Resumo criado por JUSTICIA, o assistente de inteligência artificial do Jus.

5.0 Conclusão.

            Se trouxermos o spamer para as situações práticas vividas, seria o ideal que pudéssemos compara-lo àquela pessoa que distribui, de transeunte em transeunte ao fechar do semáforo ou em logradouros de grande circulação de pessoas, folhetos com publicidade e todo o tipo de notícias, porquanto, as pessoas alvo desta distribuição, têm o direito de escolha se recebem ou não os referidos folhetos. O perfeito seria que o spammer fosse o "folheteiro" do exemplo dado.

            Ao contrário do verdadeiro "folheteiro", o spammer, na verdade é um distribuidor de folhetos (e-mail) que sempre entrega todos os folhetos a todas as pessoas que recebem e-mails na rede, e todas estas - vítimas, ao contrário da situação anterior, são obrigadas a recebe-los sem escolha, mesmo que estes estiverem sujos, ou com vírus ou ainda não houvesse tempo para recebe-los (conexão lenta), o que é inaceitável, pois o internauta é forçado a receber.

            É como se o vizinho da direita, ou melhor, os moradores do prédio de dezoito andares da direita, jogassem sobre o telhado do vizinho da esquerda, um monte de papéis oferecendo propagandas, publicidades, folhetos pornográficos ou contendo notícias falsas. Sendo que, por sua vez, o vizinho da esquerda, com o telhado completamente entupido, sem por onde vazar a água das chuvas, teria que subir ou pagar para alguém para subir no telhado para limpar toda aquela sujeira, despendendo tempo e dinheiro de sua vida.

            Ninguém é obrigado a fazer ou deixar de fazer algo senão em virtude de lei tal é o preceito prescrito no Art. 5º, II da nossa Constituição Republicana, portanto, quando se adquire o serviço de e-mail, não se autoriza ninguém a enviar o que for, mas tão somente a informação prévia e expressamente autorizada em termo de uso, daí que a prática que força o internauta ao recebimento de um e-mail não solicitado vai de encontro, viola expressamente o preceito Constitucional citado, trazendo ao spam o rótulo de conduta no mínimo antijurídica, se considerarmos o ilícito apenas a conduta vedada por lei estrito senso.

            Sabemos hoje que há inúmeros softwares que enviam automaticamente esse tipo de correspondência indesejada, aliás, com recursos de escolha do número, hora e dia do envio dos spams, sendo que por conta disto já há previsões do "assassinato do e-mail" (16) e que daqui há alguns anos as máquinas (PCs) enviarão mais e-mails do que por comando do homem o que trará o caos, lentidão e a completa inutilização da rede mundial de computadores.

            Antes que isto acorra não nos adianta criminalizar (17) a conduta, pois não traz perigo relevante à vida humana, talvez seja mais coerente que o spammer se associe a um provedor que em seu termo de uso do serviço de e-mail – pois que, de outro lado o envio de spam pode caracterizar a natureza de um serviço - disponibilize a autorização de recebimento de determinados conteúdos como os elaborados por agências de propaganda ou publicidade.

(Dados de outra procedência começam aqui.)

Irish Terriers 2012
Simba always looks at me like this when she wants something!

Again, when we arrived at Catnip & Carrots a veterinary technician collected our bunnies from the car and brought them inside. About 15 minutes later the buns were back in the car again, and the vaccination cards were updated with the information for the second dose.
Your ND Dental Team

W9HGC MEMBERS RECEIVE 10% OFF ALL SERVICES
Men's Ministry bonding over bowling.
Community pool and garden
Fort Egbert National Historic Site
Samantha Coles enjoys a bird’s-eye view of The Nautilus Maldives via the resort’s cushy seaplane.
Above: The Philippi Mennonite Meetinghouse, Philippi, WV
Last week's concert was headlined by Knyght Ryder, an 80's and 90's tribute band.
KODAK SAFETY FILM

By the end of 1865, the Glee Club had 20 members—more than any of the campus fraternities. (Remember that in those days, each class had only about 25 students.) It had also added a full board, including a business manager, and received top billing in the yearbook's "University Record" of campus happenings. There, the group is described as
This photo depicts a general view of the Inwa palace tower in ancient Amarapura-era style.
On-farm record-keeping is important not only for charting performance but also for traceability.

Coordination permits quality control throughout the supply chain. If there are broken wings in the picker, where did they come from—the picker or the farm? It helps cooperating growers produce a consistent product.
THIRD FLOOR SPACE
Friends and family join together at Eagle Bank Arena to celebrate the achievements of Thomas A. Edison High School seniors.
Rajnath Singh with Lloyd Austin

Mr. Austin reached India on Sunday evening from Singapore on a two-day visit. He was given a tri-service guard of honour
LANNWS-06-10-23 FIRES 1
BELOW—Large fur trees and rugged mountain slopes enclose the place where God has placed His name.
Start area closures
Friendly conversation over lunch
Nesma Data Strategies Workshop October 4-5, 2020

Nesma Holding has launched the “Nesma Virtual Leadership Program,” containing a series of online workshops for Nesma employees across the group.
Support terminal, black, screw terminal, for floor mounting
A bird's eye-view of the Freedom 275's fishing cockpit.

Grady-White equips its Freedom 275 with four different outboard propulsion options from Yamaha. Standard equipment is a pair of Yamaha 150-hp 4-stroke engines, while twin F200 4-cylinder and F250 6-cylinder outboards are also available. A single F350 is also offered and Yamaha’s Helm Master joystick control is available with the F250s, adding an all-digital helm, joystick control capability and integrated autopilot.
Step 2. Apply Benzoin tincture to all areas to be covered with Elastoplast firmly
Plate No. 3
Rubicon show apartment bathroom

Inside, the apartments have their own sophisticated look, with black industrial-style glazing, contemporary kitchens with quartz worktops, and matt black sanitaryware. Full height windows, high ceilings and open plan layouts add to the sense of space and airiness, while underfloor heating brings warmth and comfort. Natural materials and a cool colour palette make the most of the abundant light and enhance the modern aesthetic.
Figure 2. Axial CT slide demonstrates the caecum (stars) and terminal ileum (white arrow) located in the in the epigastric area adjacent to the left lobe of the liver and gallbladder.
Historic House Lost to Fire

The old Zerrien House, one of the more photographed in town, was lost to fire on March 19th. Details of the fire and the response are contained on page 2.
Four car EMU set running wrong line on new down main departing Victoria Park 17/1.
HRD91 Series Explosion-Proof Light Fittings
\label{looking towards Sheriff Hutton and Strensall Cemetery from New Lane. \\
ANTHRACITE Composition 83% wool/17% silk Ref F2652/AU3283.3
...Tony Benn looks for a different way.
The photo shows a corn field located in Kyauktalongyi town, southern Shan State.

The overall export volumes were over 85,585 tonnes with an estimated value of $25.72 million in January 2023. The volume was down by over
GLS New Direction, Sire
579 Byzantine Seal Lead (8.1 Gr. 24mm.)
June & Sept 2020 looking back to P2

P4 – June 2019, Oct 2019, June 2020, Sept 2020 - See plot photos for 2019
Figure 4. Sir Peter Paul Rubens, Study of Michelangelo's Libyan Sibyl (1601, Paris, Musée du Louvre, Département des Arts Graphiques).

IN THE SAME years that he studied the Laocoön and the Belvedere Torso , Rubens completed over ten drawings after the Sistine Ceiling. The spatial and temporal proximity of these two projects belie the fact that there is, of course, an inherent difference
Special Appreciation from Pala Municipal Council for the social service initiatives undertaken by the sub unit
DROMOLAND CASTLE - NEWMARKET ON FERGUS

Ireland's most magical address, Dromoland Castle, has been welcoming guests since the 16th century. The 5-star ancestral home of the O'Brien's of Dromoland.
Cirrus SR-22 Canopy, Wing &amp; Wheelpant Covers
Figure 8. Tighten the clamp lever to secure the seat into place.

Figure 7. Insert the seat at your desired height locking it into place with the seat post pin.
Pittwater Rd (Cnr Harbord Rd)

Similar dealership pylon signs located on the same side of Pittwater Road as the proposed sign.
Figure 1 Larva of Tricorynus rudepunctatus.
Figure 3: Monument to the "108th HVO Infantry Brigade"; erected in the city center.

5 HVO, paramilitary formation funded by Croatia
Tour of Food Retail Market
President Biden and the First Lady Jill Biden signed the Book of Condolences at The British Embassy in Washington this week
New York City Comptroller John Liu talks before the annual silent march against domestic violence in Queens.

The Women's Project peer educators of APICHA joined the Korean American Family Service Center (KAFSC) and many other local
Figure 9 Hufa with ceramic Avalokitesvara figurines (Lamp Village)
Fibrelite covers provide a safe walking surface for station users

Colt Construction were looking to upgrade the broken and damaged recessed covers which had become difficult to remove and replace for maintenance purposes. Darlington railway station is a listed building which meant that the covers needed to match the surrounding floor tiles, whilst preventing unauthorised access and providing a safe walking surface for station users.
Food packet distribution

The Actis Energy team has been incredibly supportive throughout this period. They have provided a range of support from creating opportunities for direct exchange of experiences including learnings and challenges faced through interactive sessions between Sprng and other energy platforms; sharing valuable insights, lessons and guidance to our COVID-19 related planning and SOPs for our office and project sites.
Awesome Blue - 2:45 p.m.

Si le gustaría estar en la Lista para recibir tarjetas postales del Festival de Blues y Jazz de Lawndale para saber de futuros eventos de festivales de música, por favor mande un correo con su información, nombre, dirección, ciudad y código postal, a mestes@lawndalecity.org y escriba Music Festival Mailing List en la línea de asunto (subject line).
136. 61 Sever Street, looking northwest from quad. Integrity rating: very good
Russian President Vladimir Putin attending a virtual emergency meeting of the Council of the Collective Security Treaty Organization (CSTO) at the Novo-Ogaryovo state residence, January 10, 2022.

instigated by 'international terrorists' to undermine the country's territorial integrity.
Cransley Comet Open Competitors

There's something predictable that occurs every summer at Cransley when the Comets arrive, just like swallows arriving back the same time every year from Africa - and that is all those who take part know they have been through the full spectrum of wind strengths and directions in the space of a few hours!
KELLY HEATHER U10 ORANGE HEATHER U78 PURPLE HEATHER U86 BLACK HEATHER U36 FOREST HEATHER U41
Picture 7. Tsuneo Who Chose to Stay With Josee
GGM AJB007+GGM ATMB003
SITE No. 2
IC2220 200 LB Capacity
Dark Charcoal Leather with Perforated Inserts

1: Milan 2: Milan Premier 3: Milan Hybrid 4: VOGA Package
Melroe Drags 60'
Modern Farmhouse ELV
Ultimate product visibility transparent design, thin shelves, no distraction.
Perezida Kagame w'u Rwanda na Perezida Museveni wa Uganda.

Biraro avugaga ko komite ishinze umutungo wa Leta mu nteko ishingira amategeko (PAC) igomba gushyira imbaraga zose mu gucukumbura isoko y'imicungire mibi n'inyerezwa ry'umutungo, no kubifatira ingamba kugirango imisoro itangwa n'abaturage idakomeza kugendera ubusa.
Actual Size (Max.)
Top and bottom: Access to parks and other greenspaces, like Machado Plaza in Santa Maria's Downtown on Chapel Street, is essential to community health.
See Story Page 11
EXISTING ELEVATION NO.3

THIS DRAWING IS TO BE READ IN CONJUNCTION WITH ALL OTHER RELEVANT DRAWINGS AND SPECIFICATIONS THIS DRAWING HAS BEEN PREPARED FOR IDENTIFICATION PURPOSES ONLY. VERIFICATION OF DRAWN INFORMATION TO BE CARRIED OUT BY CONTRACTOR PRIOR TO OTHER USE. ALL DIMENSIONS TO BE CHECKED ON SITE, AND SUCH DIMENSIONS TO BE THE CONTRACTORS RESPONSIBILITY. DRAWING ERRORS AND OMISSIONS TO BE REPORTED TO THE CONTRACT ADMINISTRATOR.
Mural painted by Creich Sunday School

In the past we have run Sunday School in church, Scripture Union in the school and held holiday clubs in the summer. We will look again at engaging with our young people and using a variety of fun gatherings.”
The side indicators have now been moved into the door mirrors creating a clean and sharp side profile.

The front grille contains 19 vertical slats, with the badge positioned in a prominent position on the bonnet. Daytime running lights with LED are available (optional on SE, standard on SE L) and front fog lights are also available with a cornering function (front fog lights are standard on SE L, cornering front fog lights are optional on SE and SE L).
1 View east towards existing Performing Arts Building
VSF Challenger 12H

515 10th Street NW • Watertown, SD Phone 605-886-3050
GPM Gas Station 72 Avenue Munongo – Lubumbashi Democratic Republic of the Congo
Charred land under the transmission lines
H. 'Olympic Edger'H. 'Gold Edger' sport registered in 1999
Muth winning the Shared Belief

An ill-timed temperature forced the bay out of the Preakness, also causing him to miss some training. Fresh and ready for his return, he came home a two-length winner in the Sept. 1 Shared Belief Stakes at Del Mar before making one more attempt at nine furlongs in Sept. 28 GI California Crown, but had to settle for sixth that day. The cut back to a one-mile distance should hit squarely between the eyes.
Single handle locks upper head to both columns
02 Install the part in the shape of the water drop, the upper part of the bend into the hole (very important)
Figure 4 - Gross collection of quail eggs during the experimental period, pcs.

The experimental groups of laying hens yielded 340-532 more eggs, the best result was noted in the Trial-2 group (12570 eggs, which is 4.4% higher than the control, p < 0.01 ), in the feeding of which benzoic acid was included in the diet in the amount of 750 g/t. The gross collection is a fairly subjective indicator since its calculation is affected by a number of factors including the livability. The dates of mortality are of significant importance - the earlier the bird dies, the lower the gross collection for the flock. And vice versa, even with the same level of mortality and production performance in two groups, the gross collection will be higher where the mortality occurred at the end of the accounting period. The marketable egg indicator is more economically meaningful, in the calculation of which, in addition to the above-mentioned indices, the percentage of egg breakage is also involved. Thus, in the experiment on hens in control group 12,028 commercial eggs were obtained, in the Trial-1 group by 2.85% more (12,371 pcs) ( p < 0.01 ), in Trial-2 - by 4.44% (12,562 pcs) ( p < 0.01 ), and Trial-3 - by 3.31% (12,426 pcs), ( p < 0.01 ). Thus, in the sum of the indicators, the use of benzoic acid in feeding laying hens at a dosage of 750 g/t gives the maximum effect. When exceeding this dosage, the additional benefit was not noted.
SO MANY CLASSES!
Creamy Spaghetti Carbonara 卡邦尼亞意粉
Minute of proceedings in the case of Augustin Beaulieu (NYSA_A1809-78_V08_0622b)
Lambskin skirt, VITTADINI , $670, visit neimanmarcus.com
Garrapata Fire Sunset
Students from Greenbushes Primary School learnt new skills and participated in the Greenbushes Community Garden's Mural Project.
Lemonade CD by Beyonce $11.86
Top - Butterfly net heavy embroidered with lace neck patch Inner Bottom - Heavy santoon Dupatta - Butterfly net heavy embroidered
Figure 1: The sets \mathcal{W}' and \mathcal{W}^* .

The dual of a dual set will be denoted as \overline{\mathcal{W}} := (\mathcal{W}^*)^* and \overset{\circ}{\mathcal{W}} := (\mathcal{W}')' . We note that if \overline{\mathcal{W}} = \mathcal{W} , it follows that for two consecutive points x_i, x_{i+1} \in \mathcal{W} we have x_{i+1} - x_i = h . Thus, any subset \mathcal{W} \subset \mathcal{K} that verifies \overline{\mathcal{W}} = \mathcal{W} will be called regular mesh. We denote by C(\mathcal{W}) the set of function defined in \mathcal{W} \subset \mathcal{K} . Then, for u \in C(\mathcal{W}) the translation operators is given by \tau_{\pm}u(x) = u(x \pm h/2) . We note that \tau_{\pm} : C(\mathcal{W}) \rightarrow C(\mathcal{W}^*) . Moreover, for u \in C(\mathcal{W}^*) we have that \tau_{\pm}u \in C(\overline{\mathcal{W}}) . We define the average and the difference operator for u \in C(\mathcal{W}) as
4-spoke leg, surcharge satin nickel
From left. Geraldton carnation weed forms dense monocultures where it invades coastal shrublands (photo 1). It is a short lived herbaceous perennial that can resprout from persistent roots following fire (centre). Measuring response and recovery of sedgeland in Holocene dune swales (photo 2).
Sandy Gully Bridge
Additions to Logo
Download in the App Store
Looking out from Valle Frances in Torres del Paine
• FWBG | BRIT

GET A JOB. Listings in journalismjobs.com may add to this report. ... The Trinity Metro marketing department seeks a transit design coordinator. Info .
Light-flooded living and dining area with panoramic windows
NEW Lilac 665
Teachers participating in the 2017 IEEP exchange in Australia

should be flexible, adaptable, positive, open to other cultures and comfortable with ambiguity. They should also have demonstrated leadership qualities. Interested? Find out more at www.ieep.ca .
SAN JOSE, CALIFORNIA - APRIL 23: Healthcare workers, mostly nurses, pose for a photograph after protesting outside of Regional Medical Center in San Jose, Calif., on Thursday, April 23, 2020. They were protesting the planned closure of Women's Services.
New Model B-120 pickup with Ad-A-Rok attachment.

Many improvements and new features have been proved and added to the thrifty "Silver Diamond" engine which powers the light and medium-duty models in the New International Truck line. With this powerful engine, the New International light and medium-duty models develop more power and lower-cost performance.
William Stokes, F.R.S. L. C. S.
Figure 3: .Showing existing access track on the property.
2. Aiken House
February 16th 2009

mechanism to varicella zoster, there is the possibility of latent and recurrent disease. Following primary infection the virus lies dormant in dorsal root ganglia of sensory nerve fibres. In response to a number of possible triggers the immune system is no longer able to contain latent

Só assim vejo a licitude do envio dessas mensagens indesejáveis, ou seja, desde que autorizadas pelo internauta passando a ser desejáveis, aliás como está previsto no Art. 39, III do Código de Proteção e Defesa do Consumidor.

            Somente o envio autorizado de informações via e-mail é cabível e adequável à dignidade humana, pois que, dessa forma desmistificaria a própria significação do vocábulo spam para uma forma de publicidade ou propaganda autorizada, como estas devem ocorrer na verdade, pois que ninguém se utiliza de um outdoor sem estar por contrato ou ao menos soma de vontades, autorizado, ou mesmo quem compra um determinado jornal e nele sabe que em seu conteúdo autorizado estão notícias que envolvem propagandas.

            Diga-se ainda que nem mesmo a forma corriqueira de opção de se auto-excluir ou remover o e-mail da vítima da lista de envio de spam (18)ou de não mais receber e-mails daquele indesejado remetente que consta dos corpos desses e-mails não solicitados; pode ser concebida como solução ou consolo para o destinatário, pois além do ônus de já ter recebido o spam, terá ainda outro, o de tentar remover o e-mail da lista, que é ainda de se alertar que a maioria desses links ("clique aqui") não funcionam ou relacionam a inserção do internauta em outras listas, transformando a caixa de e-mails numa completa lixeira.

            Em lúcida abordagem dos fatos aqui expostos Giordani Rodrigues, jornalista e editor do site Infoguerra (www.infoguerra.com.br), assim assevera:

            "No Brasil, há apenas projetos de lei tramitando no Congresso e as leis já existentes de defesa do consumidor, que poderiam ser aplicadas em alguns casos, não têm sido acatadas por juízes e promotores para punir spammers. Os provedores e operadoras nacionais, por sua vez, parecem estar sendo palco de uma queda de braço entre os departamentos técnico e comercial. De um lado, os administradores de redes desejam combater o spam, que lhes dá cada vez mais trabalho. De outro, o departamento comercial prefere manter um cliente, mesmo sendo ele um spammer, a perder seu pagamento no final do mês. E, pelo jeito, o lucro imediato tem falado mais alto.
A situação só vai mudar quando novas leis forem aprovadas, ou quando as empresas perceberem que permitir o spam pode trazer muito mais prejuízo financeiro do que combatê-lo. Mesmo assim, corre-se o risco de já ser tarde demais, pois é difícil livrar-se de uma má fama adquirida." (19)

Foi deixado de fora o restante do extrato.